* Records for the exercise:
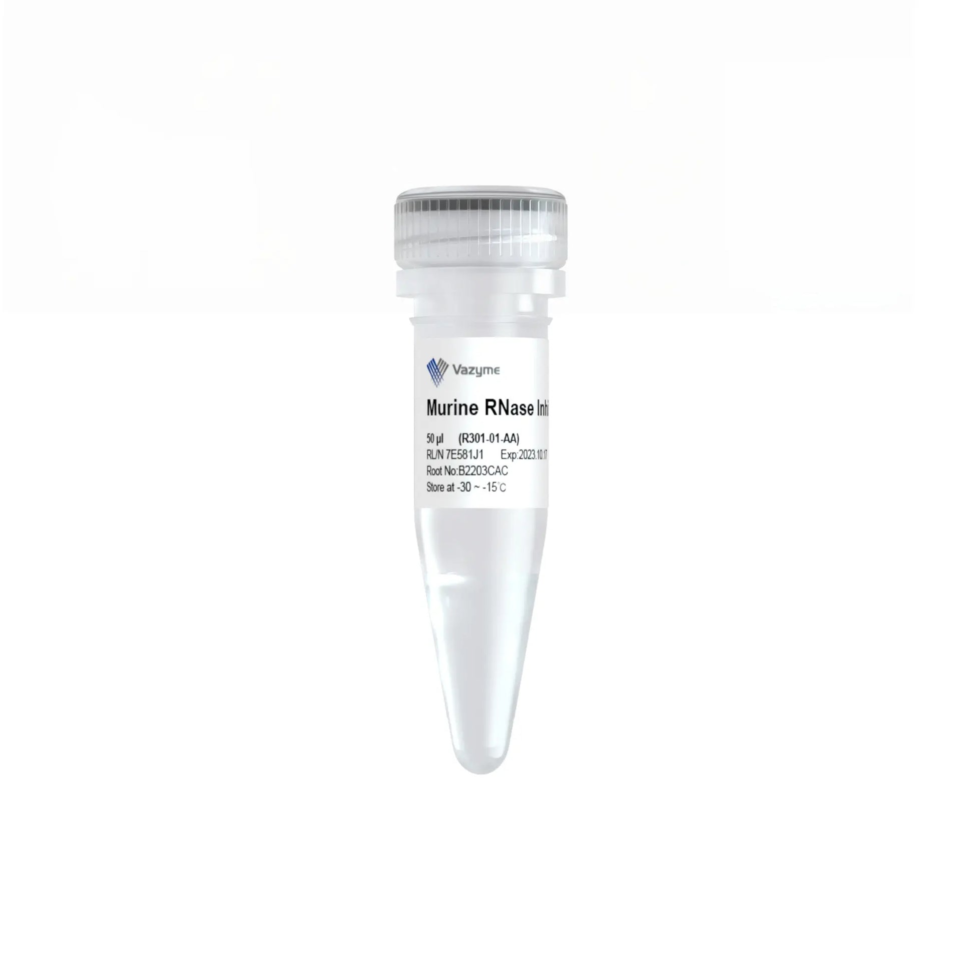 Murine RNase Inhibitor is a recombinant mouse-derived RNase inhibitor expressed and purified in E.coli in a soluble form. It can extensively inhibit various RNases (RNase A, B, C). Murine RNase Inhibitor has undergone RT-PCR and RT-qPCR tests and is compatible with HiScript II Reverse Transcriptase, HiScript Reverse Transcriptase, M-MLV (RNaseH-) Reverse Transcriptase and various DNA Polymerases. Compared with human-derived RNase inhibitor, mouse-derived RNase inhibitor does not contain two cysteines that are very sensitive to oxidation in human protein, so it has higher antioxidant activity and is more suitable for experiments sensitive to high DTT (Such as qPCR).
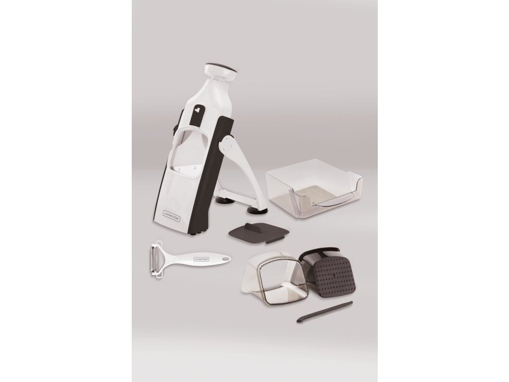 Včetně škrabky, krytu nože, chrániče prstů, řezného nástavce, sběrné nádoby a pomůcky na čištění
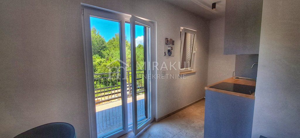 Stan se nalazi u kući na prvom katu na mirnoj lokaciji u blizini atraktivnih plaža Podvrške i Slanica.
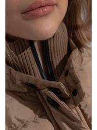 panelled cardigan Highlights - Taupe - Front button and zip fastening - Quilted panels - High neck - Long sleeves Made in Italy Composition Lining: Nylon 100%, Down 100% Outer: Merino 100% Washing instructions Read Manufacturer Guidelines
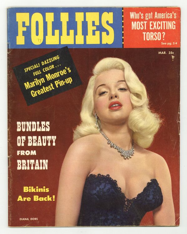 Volume 1, Issue 3 - March, 1956. Diana Dors cover and pictorial, Marilyn Monroe color centerfold. Vintage 50's era men's interest magazine featuring pin-ups of beautiful women in bikinis and lingerie. 8" x 10", 70 pages, B&W with color centerfold. Mature readers. Cover price $0.35.
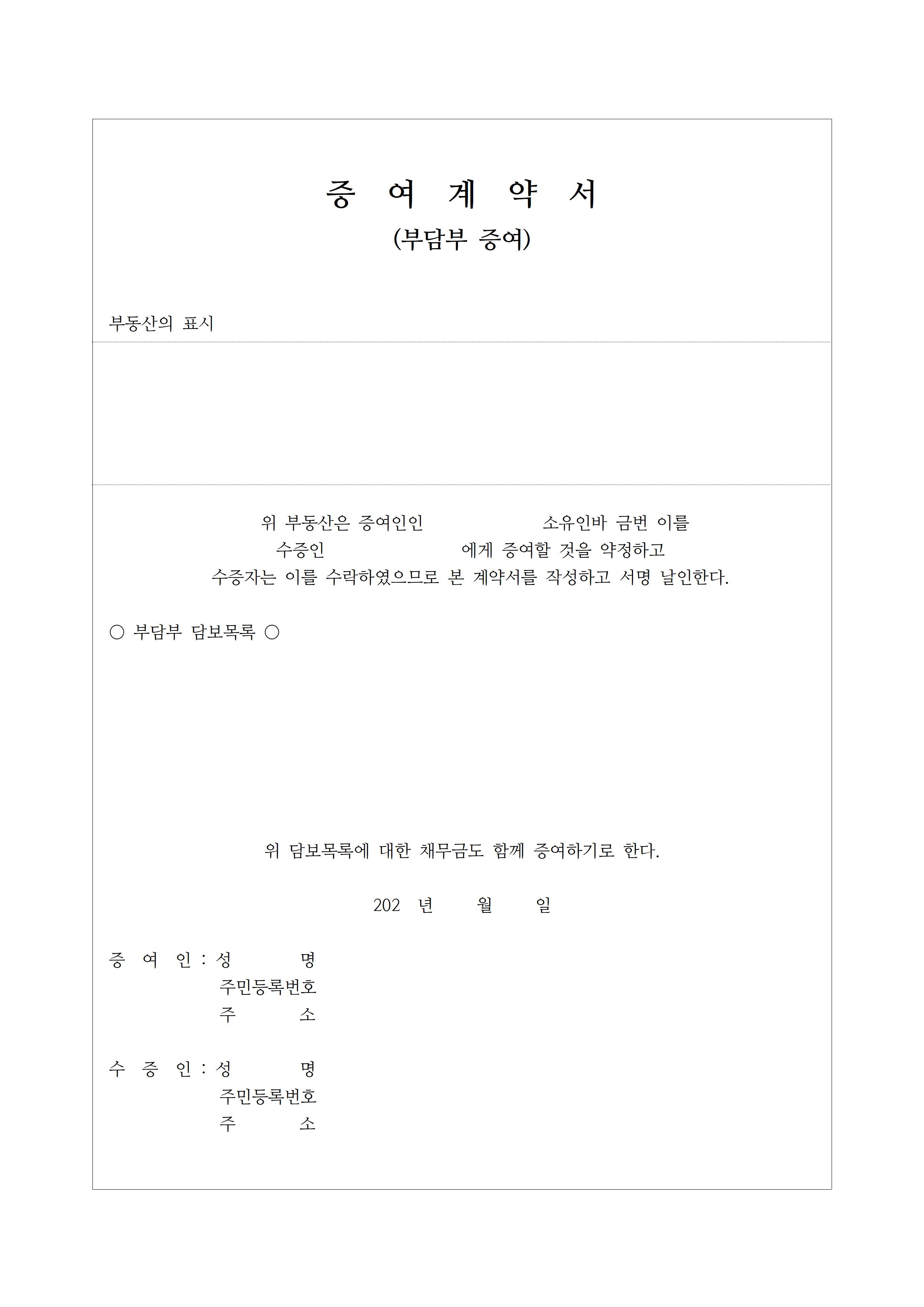 이것이 해당 부담부 증여계약서 양식입니다. 작성하는 방법은 소유권 이전 또는 인도에 대한 사항과 계약일과 물건지 등을 빠짐없이 작성을 해야하며 증서 및 서류를 첨부하여 등기소에 접수를 하면 증여 계약이 모두 마무리가 됩니다.
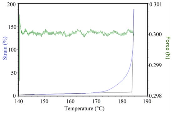 Variation in strain for PC film with printed paste on top at a constant load of 0.3 N versus temperature, showing ~184 °C as the onset temperature for the softening of PC sheets with printed paste on top.

* Requirement:
Return the material in full and unaltered, minus its pictures.

* Solution for this problem:
 Murine RNase Inhibitor is a recombinant mouse-derived RNase inhibitor expressed and purified in E.coli in a soluble form. It can extensively inhibit various RNases (RNase A, B, C). Murine RNase Inhibitor has undergone RT-PCR and RT-qPCR tests and is compatible with HiScript II Reverse Transcriptase, HiScript Reverse Transcriptase, M-MLV (RNaseH-) Reverse Transcriptase and various DNA Polymerases. Compared with human-derived RNase inhibitor, mouse-derived RNase inhibitor does not contain two cysteines that are very sensitive to oxidation in human protein, so it has higher antioxidant activity and is more suitable for experiments sensitive to high DTT (Such as qPCR).
 Včetně škrabky, krytu nože, chrániče prstů, řezného nástavce, sběrné nádoby a pomůcky na čištění
 Stan se nalazi u kući na prvom katu na mirnoj lokaciji u blizini atraktivnih plaža Podvrške i Slanica.
 panelled cardigan Highlights - Taupe - Front button and zip fastening - Quilted panels - High neck - Long sleeves Made in Italy Composition Lining: Nylon 100%, Down 100% Outer: Merino 100% Washing instructions Read Manufacturer Guidelines
 Volume 1, Issue 3 - March, 1956. Diana Dors cover and pictorial, Marilyn Monroe color centerfold. Vintage 50's era men's interest magazine featuring pin-ups of beautiful women in bikinis and lingerie. 8" x 10", 70 pages, B&W with color centerfold. Mature readers. Cover price $0.35.
 이것이 해당 부담부 증여계약서 양식입니다. 작성하는 방법은 소유권 이전 또는 인도에 대한 사항과 계약일과 물건지 등을 빠짐없이 작성을 해야하며 증서 및 서류를 첨부하여 등기소에 접수를 하면 증여 계약이 모두 마무리가 됩니다.
 Variation in strain for PC film with printed paste on top at a constant load of 0.3 N versus temperature, showing ~184 °C as the onset temperature for the softening of PC sheets with printed paste on top.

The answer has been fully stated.